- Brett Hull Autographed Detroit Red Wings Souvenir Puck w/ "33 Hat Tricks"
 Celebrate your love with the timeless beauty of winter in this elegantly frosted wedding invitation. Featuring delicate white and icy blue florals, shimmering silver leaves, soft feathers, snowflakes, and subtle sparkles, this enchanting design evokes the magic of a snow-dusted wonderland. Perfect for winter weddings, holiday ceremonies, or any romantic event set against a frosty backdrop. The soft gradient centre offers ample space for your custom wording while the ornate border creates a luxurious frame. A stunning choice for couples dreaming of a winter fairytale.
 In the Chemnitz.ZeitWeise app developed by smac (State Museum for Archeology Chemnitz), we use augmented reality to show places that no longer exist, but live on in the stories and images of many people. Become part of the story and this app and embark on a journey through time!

==============================

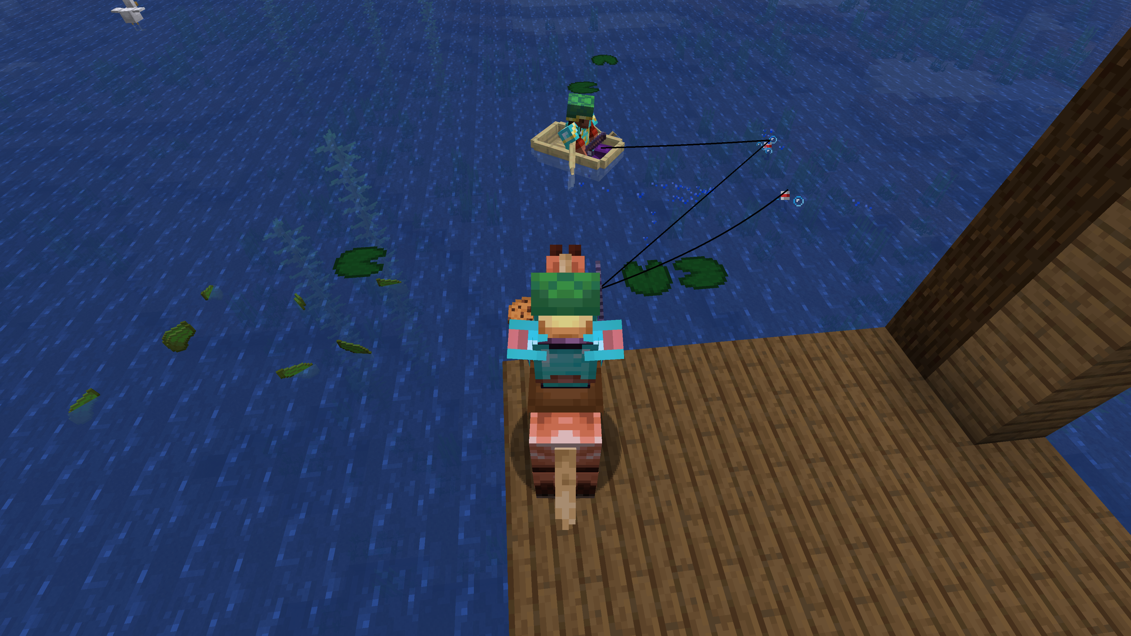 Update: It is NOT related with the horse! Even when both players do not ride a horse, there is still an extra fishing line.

==============================

TASK TO COMPLETE
In the material above, find the line containing "- Brett Hull" and the line containing "Celebrate your love", then write out exactly those two lines and every line between them, and nothing more.

SOLUTION
- Brett Hull Autographed Detroit Red Wings Souvenir Puck w/ "33 Hat Tricks"
 Celebrate your love with the timeless beauty of winter in this elegantly frosted wedding invitation. Featuring delicate white and icy blue florals, shimmering silver leaves, soft feathers, snowflakes, and subtle sparkles, this enchanting design evokes the magic of a snow-dusted wonderland. Perfect for winter weddings, holiday ceremonies, or any romantic event set against a frosty backdrop. The soft gradient centre offers ample space for your custom wording while the ornate border creates a luxurious frame. A stunning choice for couples dreaming of a winter fairytale.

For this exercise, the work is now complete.